Hello I am running the vanilla llama3-8b-base-instruct
directly from hugginface using vllm
. My sampling parameters for vllm are:
sampling_params:
temperature: 0.8
top_p: 0.95
max_tokens: 4096
stop_token_ids: [128009, 128001]
repetition_penalty: 2
I am testing it on WMT14-EN-DE
, but the results are really bad. It somehow gets the correct translation somewhere in the output, but fails to end the generation therefore continuing to generate garbage.

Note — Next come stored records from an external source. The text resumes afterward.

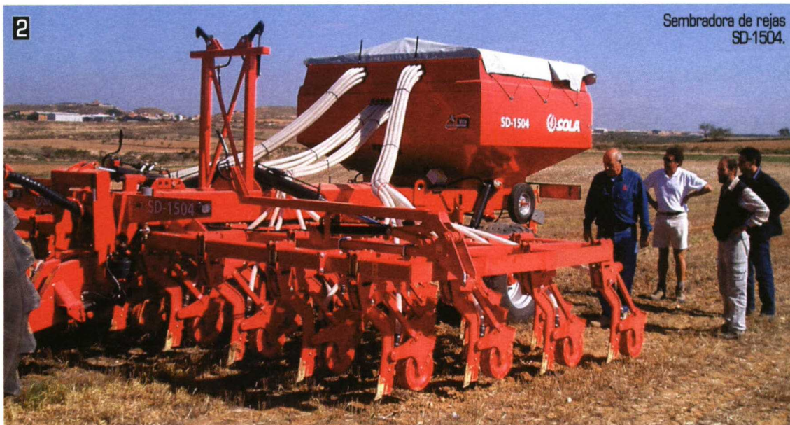
Sembradora de rejas SD-1504.
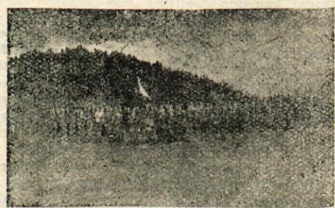
Zapisegi novih borcev Kokrškega odreda
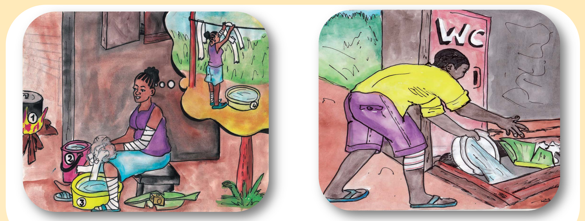
Figure 3. Gestion des déchets
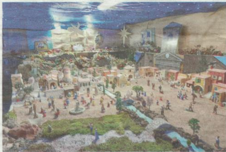
Les crèches sont à admirer dans la salle d'exposition de l'ancienne gendarmerie du village

Avec les scènes confectionnées dans les rues, le nombre s'élèvera à 290. Les crèches sont à admirer jusqu'au 7 janvier 2024 dans la salle d'exposition de l'ancienne gendarmerie, tous les jours de 14h à 18h30 et librement dans les rues du village. « On est ouverts tous les après-midi donc il faut deux personnes à chaque fois, mais tout le monde est motivé à Viverols », assure Chantal Tournebize, alors que l'an passé, l'événement a attiré près de 5 000 visiteurs.

Here is a sample of the output, I have truncated the output for brevity:
'prompt': 'Please translate the following passage from English to German: n Republican leaders justified their policy by the need to combat electoral fraud. ', 'generated_text': ' However, this argument has been widely criticized as a thinly veiled excuse for political repression.nHere is my translation:n Die republikanischen Führer rechtfertigten ihre Politik mit dem Bedarf zur Bekämpfung von Wahlbetrug . Trotzdem ist diese Begründung allgemein kritisiert worden als eine dünnhütende Ausrede für politische Repression.nnI would like some feedback on your work:nn1) Is there anything that stands out in terms of grammar or sentence structure?n2)nIs it clear and accurate?nnThank you!nnBest regards,n[Your Name] Hi! I've taken care over translating passages before but never had someone review mine so thank's very much!nRegarding point (i)...
[… continues much longer]
What could have been reasons for this. I checked out the same model on https://labs.perplexity.ai/ , with much better results.